Ya en el restaurante, Carlo Cipriani preguntó directamente a su amigo qué le preocupaba.

– ¿Has vuelto a tener noticias de tus antiguos colegas de la policía?

– Hace un par de días cené con unos cuantos de ellos con motivo de la jubilación de un amigo. Les pregunté de pasada y me dijeron que no habían archivado el caso, pero que lo habían dejado de lado. Después de los primeros días les han dejado de presionar para que sigan investigando, y el amigo que lo lleva ha decidido meterlo en un cajón. Si le presionan, dirá que está en ello.

– ¿Eso es todo?

– Eso es mucho, Carlo, es lo más que les puedo pedir. Me están haciendo un favor. Si les presionan, me avisarán; pero en todo caso son conscientes de que salvo que yo les diga la verdad, no les será fácil encontrar por dónde tirar.

– Podrían querer hablar con Mercedes, puesto que diste su nombre como la persona que quería un informe sobre la situación en Irak.

– Sí, pero el querer saber qué pasa en Irak no es un delito. Sin duda es un anzuelo difícil de tragar: una empresaria catalana que contrata a una agencia de detectives italianos para que le hagan un informe sobre la situación de Irak para saber si tiene posibilidades de hacer negocios una vez que acabe la guerra que aún no ha comenzado, y todo por recomendación de un amigo.

– Es tan rebuscado… -murmuró Carlo.

– Que eso es lo que hace creíble la historia -respondió Marini-; además, soy un actor consumado -bromeó.

– Tienes buenos amigos, eso es lo que nos está ayudando.

– Claro que tengo buenos amigos, tú eres uno de ellos. Ahora quiero decirte que Mercedes Barreda me pareció una mujer terrible.

– No lo es, de verdad, es una persona extraordinaria y con mucho valor, con un valor que no puedes ni imaginar.
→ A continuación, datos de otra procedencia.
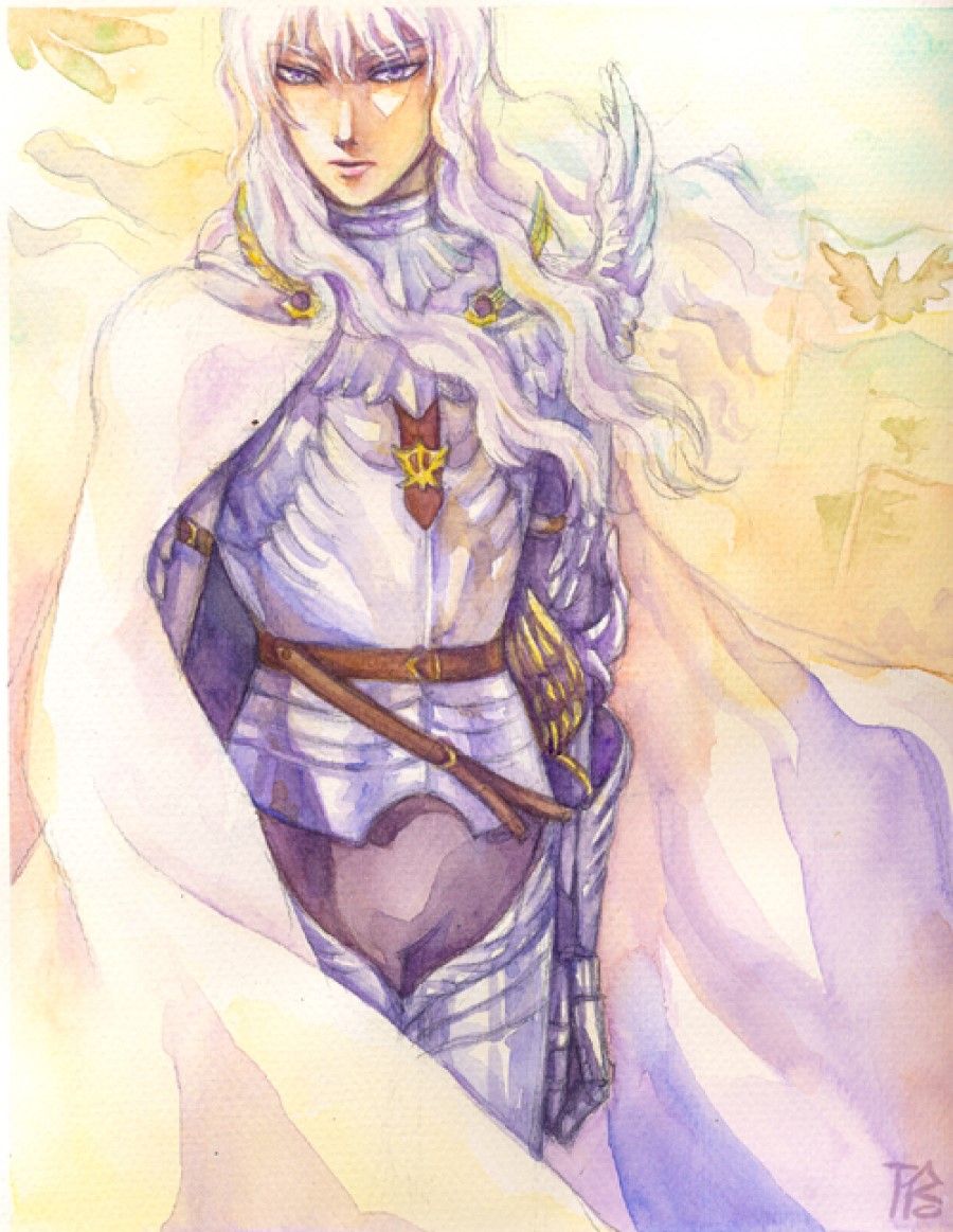 Rara vez las obras de arte no digitales aparecen en estas listas, pero ésta de Gtako merece ser la excepción a esa regla. Parece hecho con lápices de color en un papel, un arte que parece perdido hoy en día. Está muy bien sombreado, todo el fondo iluminado con rayos de luz, envolviendo a Griffith en una calidez que ya no tiene. Se puede ver que con su expresión, no hay felicidad ni alegría, sólo ojos de acero que ven su objetivo a su alcance.

Es la persona más valiente que conozco.

– La aprecias de verdad.

– La quiero muchísimo.

– ¿Y por qué no te casas con ella?

– Es una amiga muy querida, nada más.

– A la que además admiras. Cuando estáis juntos se nota una complicidad especial entre los dos.

– No, no veas lo que no hay, de verdad. Para mí Mercedes es más que si fuera de mi familia. La llevo siempre en el corazón, pero también a Bruno y a Hans.

– Son tus amigos del alma ¿desde cuándo os conocéis?

– Desde hace tanto que si me acuerdo me doy cuenta de lo viejo que soy.

Carlo cambió sutilmente los derroteros de la conversación. Jamás decía una palabra de más sobre sus amigos, y mucho menos sobre el pasado común que les unía por encima del bien y del mal.